She neglects to draw the rather obvious comparison with the disintegration of the Roman Empire, and of course the barbarian issue is different this time, but otherwise this is excellent.WASHINGTON -- In the mid-'80s, after I had been covering the post-colonial Third World for rather too many trying years, I began to notice some disturbing developments across the world.
Oh no, I said to myself at first, of course it cannot be true! We were, after all, the children of the euphoric aftermath of World War II, when we rebuilt the world for the good of mankind. America assumed that the dozens of poor states of Asia, Africa and the Middle East that had emerged from years of colonialist humiliation would stand tall as new, spontaneously born, independent states -- and we assumed that we would help them.
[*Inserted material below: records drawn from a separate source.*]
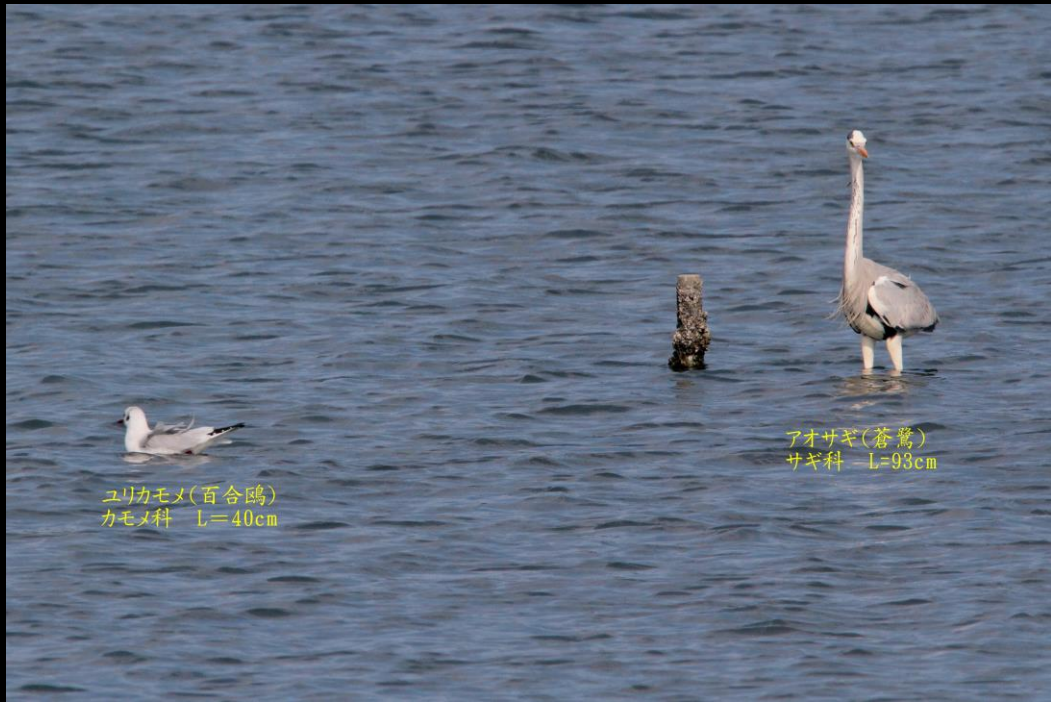
ユリカモメ(百合鷗) カモメ科 L=40cm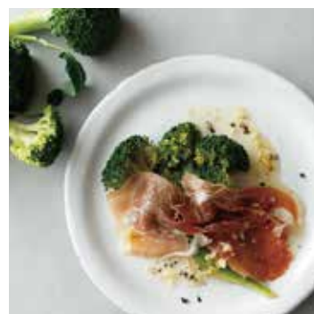
ANCHOVY BROCCOLI アンチョビブロッコリー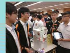
全港中學創新科技大賽2018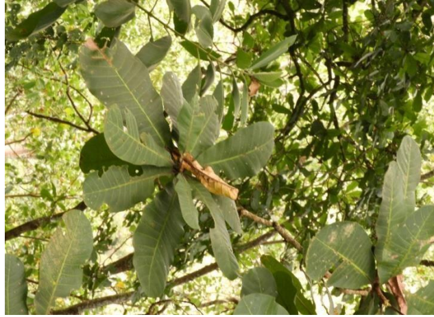
Fotos 3 y 4. Flora representativa en La RNSC La Esperanza. (caracolí). Fuente. Concepto Técnico No. 20196030002073 del 10 de septiembre de 2019.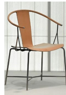
Рис. 4. U+. Крісло Rong Chair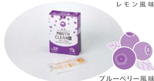
ブルーベリー風味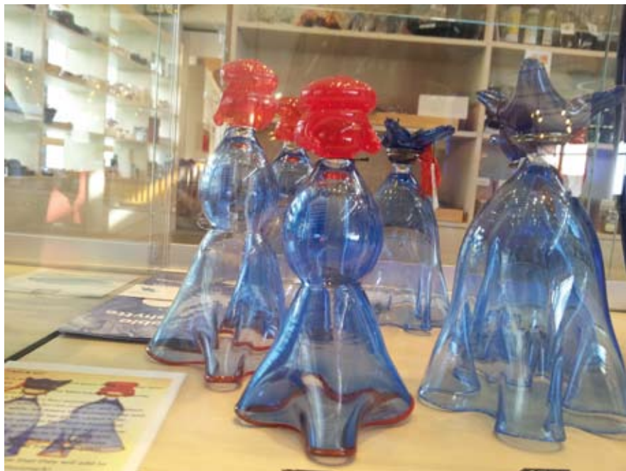
30. kép Számi viseletet megjelenítő vázák, poharak egy észak-norvégiai tüzletben.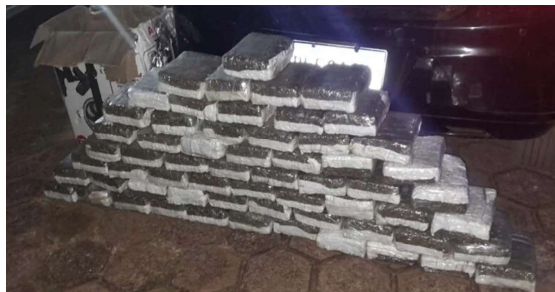
De acordo com as primeiras informações, os policiais realizavam uma abordagem de rotina.

atenção especial das forças de segurança devido às rotas utilizadas por organizações criminosas para o transporte de entorpecentes e outros produtos ilícitos.

But slowly I began to realize, instead, that we were witnessing the first stages of a massive disintegration of fragile nation-states, or what today we call "failed states." At that point, I tried to put all my fears together in a lead piece for Encyclopedia Britannica, called "Our Disintegrating World: The Menace of Global Anarchy."
"What has happened in the 1970s and 1980s," I wrote, "is that the world is quietly but relentlessly being rent by a slow-motion disintegration. The components of this dangerous new world: tribes, clans, religious fundamentalism of every faith, city gangs, death squads, terrorist movements, guerrilla movements and other narrow and rabid self-interest groups." Then, ironically, I used Lebanon as the example of the disintegration at the hands of these "irregulars," which occurred when the careful compacts that ruled the power structures in that unfortunate land broke down in the mid-'70s.